Una red de prestadores como infraestructura de respuesta
La Unidad Móvil era la cara visible, pero la capacidad de respuesta dependía de una estructura más amplia. La compañía dispuso de una red de más de 200 prestadores directos en las ciudades del recorrido, lo que permitía orientar a cada pasajero según su ubicación, el tipo de inconveniente y el nivel de atención necesario.
Desde la propia UMAV se coordinaron 40 asistencias directas, conectando a los viajeros con el servicio correspondiente y evitando que tuvieran que recorrer por su cuenta clínicas o farmacias sin conocer el sistema de salud local.
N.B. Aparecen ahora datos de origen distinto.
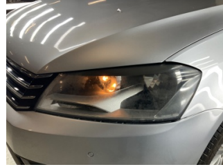
Farlar, Far camı, sol > Deforme Olmuş
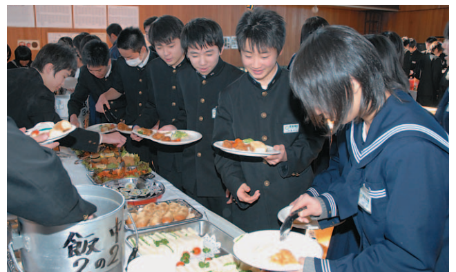
▲待ちきれない様子で順番を待つ生徒(飯岡中)

9年間親しんできた給食も今年度で最後となる中学3年生に、いつもと違った給食を楽しんでもらおうと12月21日、各中学校でバイキング給食が行われました。生徒たちは、テーブルの上に並べられた主食、副菜、デザートなど、30種類の料理から自分の好きなものを皿いっぱい盛ると、「大食い選手権みたい」とおいしそうにほおばっていました。食後には生徒の代表が「栄養を考えたながら、私たちの好きなものを作ってくれてありがとう。おかげで健康に育つことができました」と給食センターの職員に感謝の気持ちを述べていました。

Contar con prestadores distribuidos por ubicación es uno de los aspectos que conviene verificar al contratar una asistencia al viajero para Estados Unidos. Un monto elevado de cobertura puede resultar insuficiente si no hay una red capaz de responder en las ciudades del itinerario.

Tecnología para resolver los pagos en destino
Otro componente del operativo fue GO!Pay, una tarjeta Visa virtual internacional destinada a cubrir determinados gastos vinculados con una asistencia autorizada. Durante el Mundial se emitieron 450 tarjetas, que permitieron enviar fondos directamente al pasajero para resolver pagos sin adelantar dinero propio y esperar luego un reintegro.
La herramienta apunta a uno de los principales puntos de fricción del sector, especialmente en un destino como Estados Unidos, donde una consulta, un medicamento o un estudio pueden representar un gasto considerable para un turista.
Los números del despliegue
- Más de 55.000 argentinos viajaron al Mundial protegidos con GO!
- Más de 8.000 kilómetros recorridos por la Unidad Móvil.
- Más de 60.000 botellas de agua entregadas gratuitamente.
- Logística, asistencia y alojamiento para los percusionistas de la hinchada.
- Organización de banderazos, eventos satélite y fiestas exclusivas.
- Más de 40 asistencias directas coordinadas desde la UMAV.
- Más de 200 prestadores directos en las ciudades donde jugó la Selección Argentina.
- Más de 450 tarjetas virtuales GO!PAY emitidas.
Qué deja el operativo para el próximo viaje
El Mundial fue una situación excepcional por el volumen de viajeros y la velocidad con que se trasladaban entre ciudades. Pero varias de las necesidades que expuso —distancias, costos médicos, desconocimiento del sistema local— aparecen también en viajes familiares, laborales o turísticos.
La conclusión es aplicable a cualquier pasajero: al elegir una cobertura para Estados Unidos, la capacidad real de coordinar una respuesta en destino puede ser tan importante como el monto contratado. Antes de decidir, conviene comparar planes de asistencia al viajero sobre coberturas equivalentes y no únicamente por el precio final.